👏 IF YOU NEED A RING LIGHT TO PRODUCE CONTENT, EMILY MARIKO DOES NOT WANT YOUR BROKE SELF CARRYING HER BAG.👏
Here's why the Emily Mariko tote bag was $120
(Originally posted here.)
Lots of people called the cost of the bag unreasonable, out of touch, called her greedy. Can't deny that it's expensive merch. Our perceptions of affordability are indelibly tied to our reliance on garment worker exploitation.
Given that the Farmers Market Tote was made in California, it likely cost somewhere between $30-50 to make. That covers overhead and opex like site hosting, shipping/storage, materials, design, and labor. She's not doing the procurement and logistics herself, so her management or employees also take a cut.
All in all, there's no way she's sold over 2000 units, and she took home let's say...$50 profit? If she made $100,000, that's not a lot compared to her primary streams of income. Consider how much money she probably got from Poppi, Williams Sonoma, the investment Dior and Ralph Lauren put in for her to make fashion show appearances.

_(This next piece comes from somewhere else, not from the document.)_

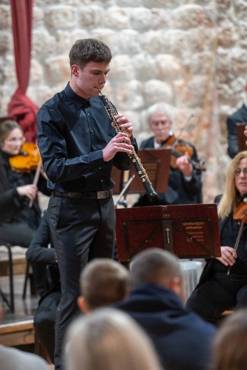 Na sinoćnjem koncertu s orkestrom su kao solisti nastupili Matea Babić, sopran; Ema Bulum, flauta; Mihaela Jakimova, flauta; Erika Kesovija, klarinet; Đivo Sršen, oboa; Ivano Urljević, kontrabas; Tadej Vlašić, violončelo; Gabriela Đanić, violončelo, Sofija Glušac, violina i Neša Kosović, violina.

⭐ The tote bag wasn't easy money. It was a brand equity play. ⭐
Popular influencers have lots of exposure, inevitably also to people at different income levels. The salmon rice bowl brought Emily Mariko into the mainstream because everyone eats leftovers. But most of Emily Mariko's lifestyle is inaccessible and unaffordable—housing in the Bay area, local heirloom tomatoes, a closet of Lululemon matching sets. She makes simple yet nourishing foods in luxurious but not lavish settings.
There is a class of people who pay good money to be seen as tasteful. The aspirational class is defined by the cultural capital primarily, income only secondarily. If you can't recognize them by sight, you might narrow them down by recognizing that inconspicuous consumption is when people own the more expensive version of the stuff that a lot of other people already have. The Staub cast iron, the Melissa and Doug wooden blocks, and now—possibly—the Emily Mariko tote bag. It will never usurp the yuppie classic LL Bean Boat Tote, but still the Emily Mariko tote is catnip to the influencer world's aspirational class. While the influencer class in general is considered vulgar new money compared to "legacy" celebrity, the influencer niche targeted here is more "respectable," "tasteful" in their buying habits, and highly replicable.
Over the next few weeks and months, you will see plenty of athleisure-clad Goldendoodle owning content creators unboxing their Emily Mariko orders, or showing off their Erewhon hauls with the Eucalyptus or Strawberry Milk Emily Mariko tote bag prominently featured. They use her name to draw in eyeballs. She uses these second, third degree followers to drive her absolute impressions and engagement, establishing herself increasingly as the apex predator in the lifestyle influencer space. She retires at age 40 from the fortune she makes on a sage green George Foreman grill sold exclusively at Target.